Estimand type: nonparametric-ate

### Estimand : 1
Estimand name: backdoor
Estimand expression:
    d
─────────(E[y|W1,W0,W2,W3])
d[v₀  v₁]
Estimand assumption 1, Unconfoundedness: If U→{v0,v1} and U→y then P(y|v0,v1,W1,W0,W2,W3,U) = P(y|v0,v1,W1,W0,W2,W3)

### Estimand : 2
Estimand name: iv
No such variable(s) found!

### Estimand : 3
Estimand name: frontdoor
No such variable(s) found!

Linear model

Let us first see an example for a linear model.
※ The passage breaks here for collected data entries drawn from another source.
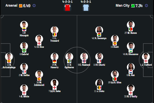 Kwenye mchezo huo City ili kutawala mchezo ilihakikisha inazuia kwa Arsenal kutoweza kumili mpira kwa asilimia kubwa ambapo ilianza kuzuia Arsenal kuanzia mbele kwa muundo wa 4-2-4 na kuwalazimisha mabeki wao kupiga mipira mirefu badala ya kupita njia za kati na pembeni, huku wakihakikisha hiyo mipira ya juu mabeki wao wanashinda mapambano ya juu.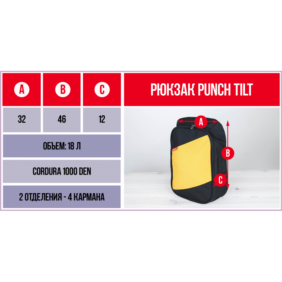 • Модель: punch-backpack-tilt-black-yellow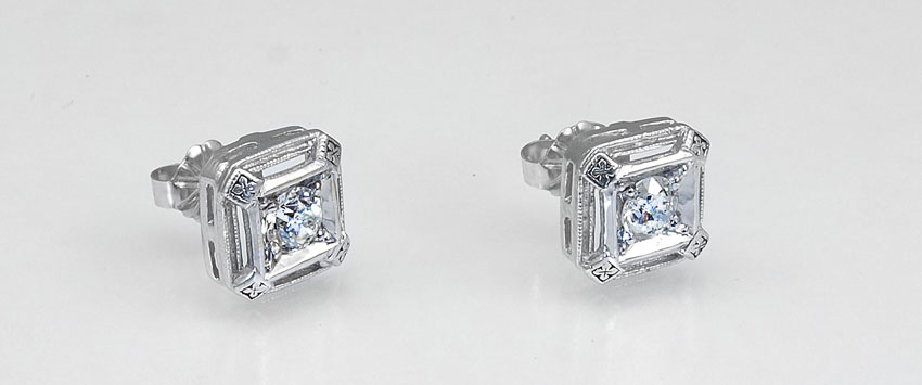 14K WHITE GOLD DIAMOND STUD EARRINGS: 14K white gold earrings contain tow old European round cut diamonds. Weight: .60 Ct. Approx. Rated I1 in clarity and K-L in color. Post and nut closures. The diamonds are prong set. Weight: 3.4 grams.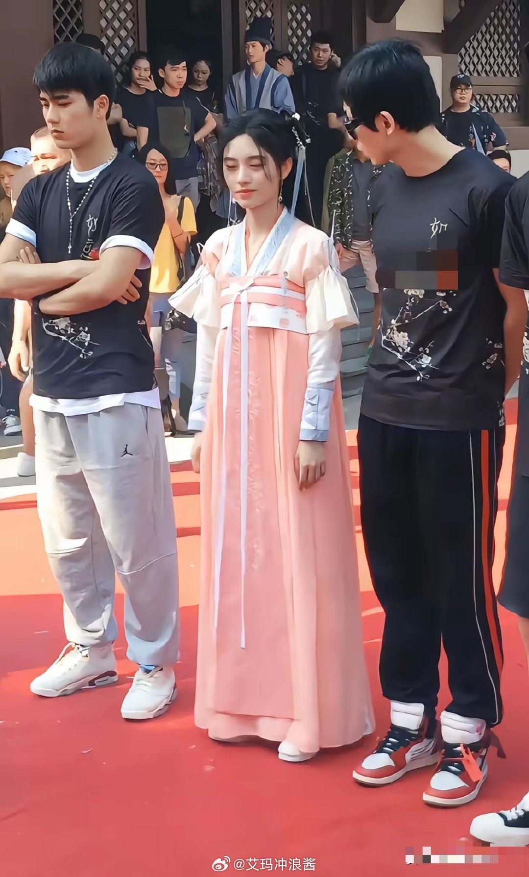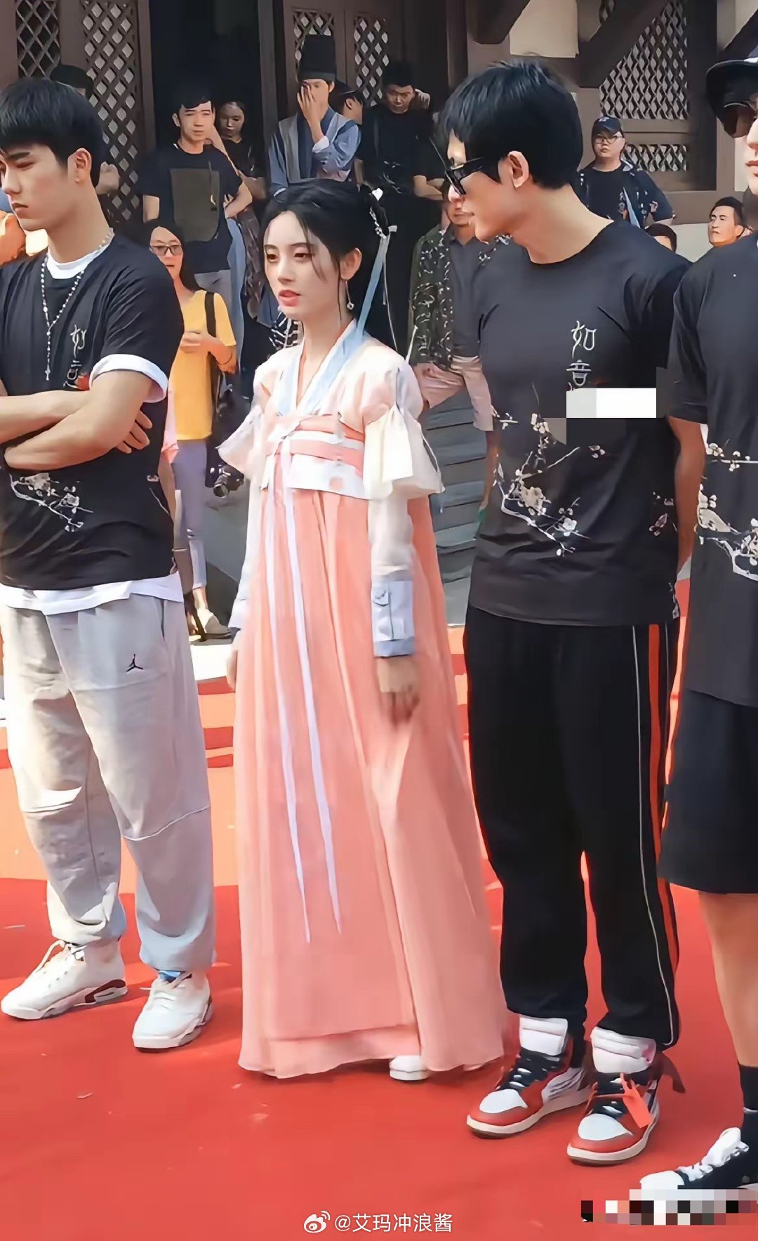 第一次发现鞠婧祎有点男相,跟旁边男的头一样大!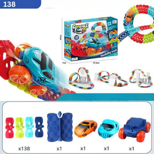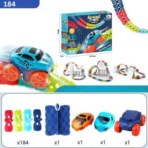 - 🌈 Construcción creativa de la pista Los elementos flexibles se pueden doblar y combinar libremente para crear rutas y formas únicas.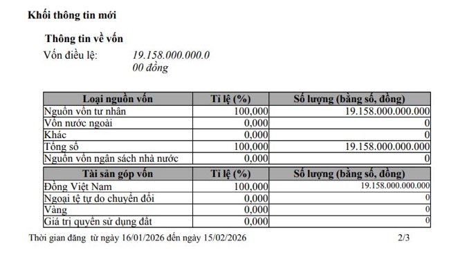 CTCP Đầu tư Địa ốc Đại Quang Minh vừa chính thức nâng vốn điều lệ lên 19.158 tỷ đồng vào ngày 16/1, đánh dấu bước mở rộng quy mô tài chính mạnh mẽ ngay từ đầu năm.

The control_value and treatment_value can be provided as a tuple/list when the treatment is multi-dimensional.

The interpretation is change in y when v0 and v1 are changed from (0,0) to (1,1).

[6]:

linear_estimate = model.estimate_effect(identified_estimand,
                                        method_name="backdoor.linear_regression",
                                       control_value=(0,0),
                                       treatment_value=(1,1),
                                       method_params={'need_conditional_estimates': False})
print(linear_estimate)

*** Causal Estimate ***

## Identified estimand
Estimand type: nonparametric-ate

### Estimand : 1
Estimand name: backdoor
Estimand expression:
    d
─────────(E[y|W1,W0,W2,W3])
d[v₀  v₁]
Estimand assumption 1, Unconfoundedness: If U→{v0,v1} and U→y then P(y|v0,v1,W1,W0,W2,W3,U) = P(y|v0,v1,W1,W0,W2,W3)

## Realized estimand
b: y~v0+v1+W1+W0+W2+W3+v0*X1+v0*X0+v1*X1+v1*X0
Target units: ate

## Estimate
Mean value: -66.74442465406742

You can estimate conditional effects, based on effect modifiers.

[7]:

linear_estimate = model.estimate_effect(identified_estimand,
                                        method_name="backdoor.linear_regression",
                                       control_value=(0,0),
                                       treatment_value=(1,1))
print(linear_estimate)

*** Causal Estimate ***

## Identified estimand
Estimand type: nonparametric-ate

### Estimand : 1
Estimand name: backdoor
Estimand expression:
    d
─────────(E[y|W1,W0,W2,W3])
d[v₀  v₁]
Estimand assumption 1, Unconfoundedness: If U→{v0,v1} and U→y then P(y|v0,v1,W1,W0,W2,W3,U) = P(y|v0,v1,W1,W0,W2,W3)

## Realized estimand
b: y~v0+v1+W1+W0+W2+W3+v0*X1+v0*X0+v1*X1+v1*X0
Target units: ate

## Estimate
Mean value: -66.74442465406742
### Conditional Estimates
__categorical__X1  __categorical__X0
(-4.729, -1.777]   (-4.679, -1.53]     -220.871781
                   (-1.53, -0.956]     -150.155692
                   (-0.956, -0.447]    -109.691028
                   (-0.447, 0.133]      -65.408004
                   (0.133, 3.604]         2.041486
(-1.777, -1.193]   (-4.679, -1.53]     -189.994985
                   (-1.53, -0.956]     -123.059891
                   (-0.956, -0.447]     -81.895146
                   (-0.447, 0.133]      -40.701964
                   (0.133, 3.604]        27.022741
(-1.193, -0.7]     (-4.679, -1.53]     -175.043669
                   (-1.53, -0.956]     -107.080577
                   (-0.956, -0.447]     -66.362576
                   (-0.447, 0.133]      -24.914318
                   (0.133, 3.604]        41.026608
(-0.7, -0.0978]    (-4.679, -1.53]     -159.866871
                   (-1.53, -0.956]      -93.306996
                   (-0.956, -0.447]     -50.013717
                   (-0.447, 0.133]      -10.095979
                   (0.133, 3.604]        56.802998
(-0.0978, 3.745]   (-4.679, -1.53]     -135.286454
                   (-1.53, -0.956]      -64.496616
                   (-0.956, -0.447]     -24.495949
                   (-0.447, 0.133]       14.385220
                   (0.133, 3.604]        82.289652
dtype: float64

More methods

You can also use methods from EconML or CausalML libraries that support multiple treatments. You can look at examples from the conditional effect notebook: https://microsoft.github.io/dowhy/example_notebooks/dowhy-conditional-treatment-effects.html

Propensity-based methods do not support multiple treatments currently.